- Film poster
- French: Chef de meute
- Directed by: Chloé Robichaud
- Written by: Chloé Robichaud
- Produced by: Fanny-Laure Malo Chloé Robichaud Sarah Pellerin
- Starring: Ève Duranceau
- Cinematography: Jessica Lee Gagné
- Edited by: Chloé Robichaud
- Production companies: La Boîte à Fanny Les films de la meute
- Release date: May 26, 2012 (Cannes);
- Running time: 13 minutes
- Country: Canada
- Language: French

= Herd Leader =

2012 Canadian film

Herd Leader (Chef de meute) is a Canadian short drama film, directed by Chloé Robichaud and released in 2012. The film stars Ève Duranceau as Clara, a shy woman who must build confidence in herself when she inherits her late aunt's dog and has to learn how to train it.
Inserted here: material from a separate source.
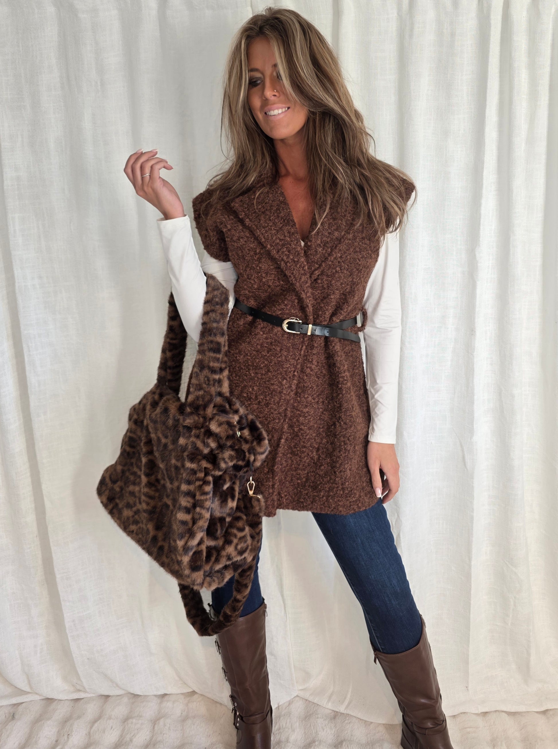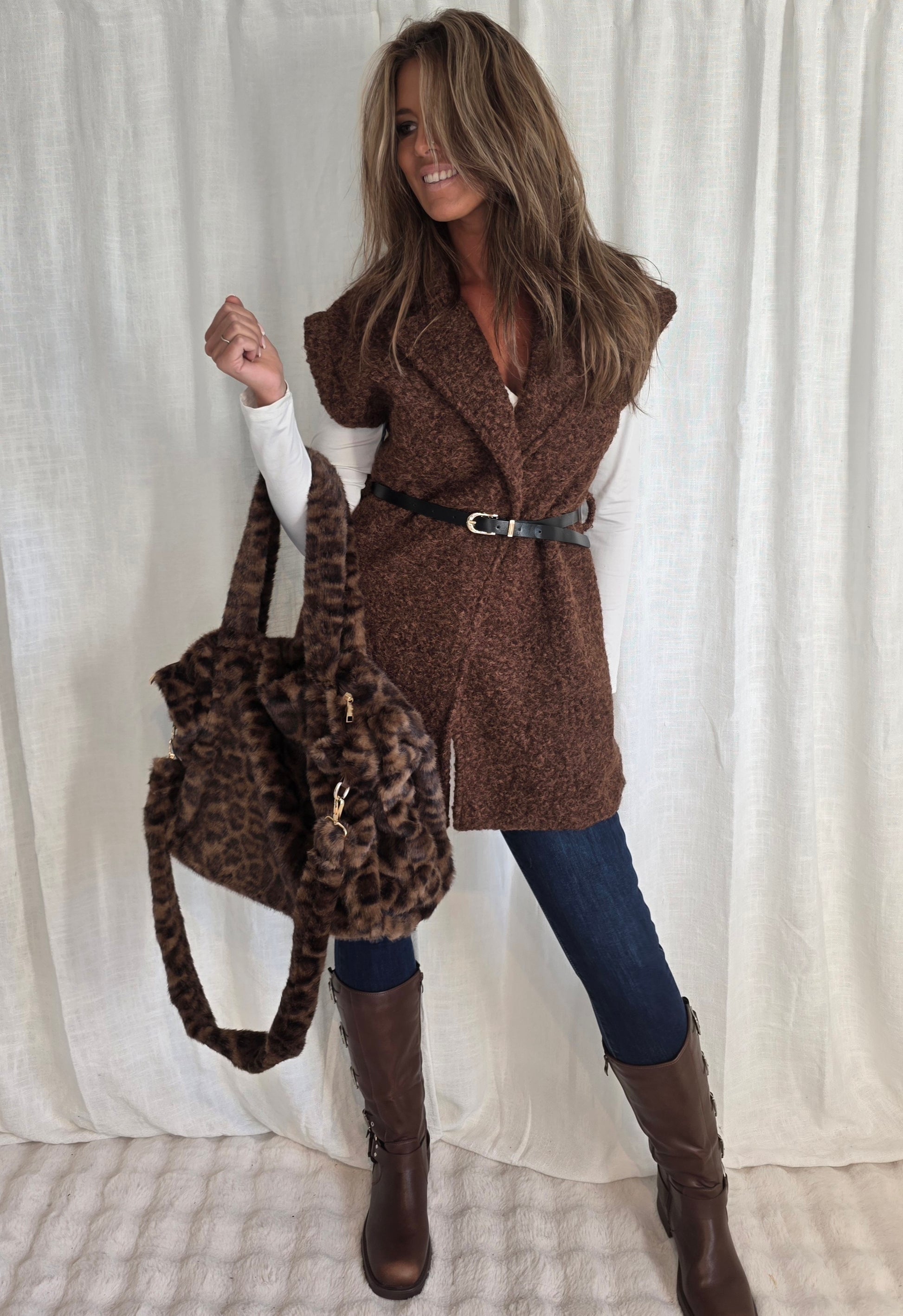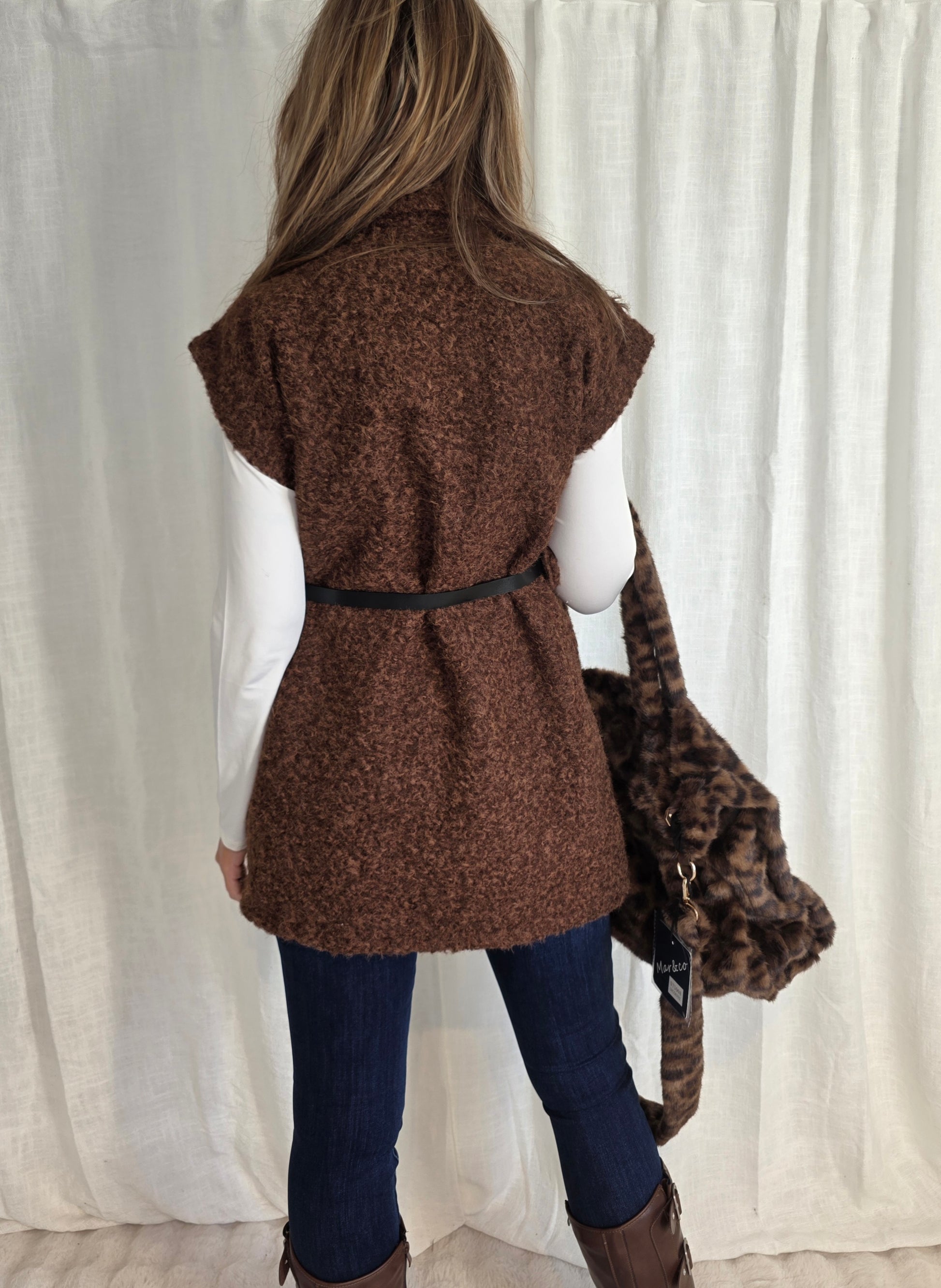 En långärmad väst tillverkad av varm, texturerad boucléull. Dess skräddarsydda krage och överdimensionerade passform ger elegans och modernitet, medan det smala bältet framhäver midjan. Perfekt att bära över en tröja eller skjorta för en elegant och trendig mellansäsongslook.

The film premiered at the 2012 Cannes Film Festival, in the competitive short film program, and had its Canadian premiere at the 2012 Toronto International Film Festival.

The film was named to TIFF's annual year-end Canada's Top Ten list for 2012. In 2013, it was a Canadian Screen Award nominee for Best Live Action Short Drama at the 1st Canadian Screen Awards and a Prix Jutra nominee for Best Short Film at the 15th Jutra Awards.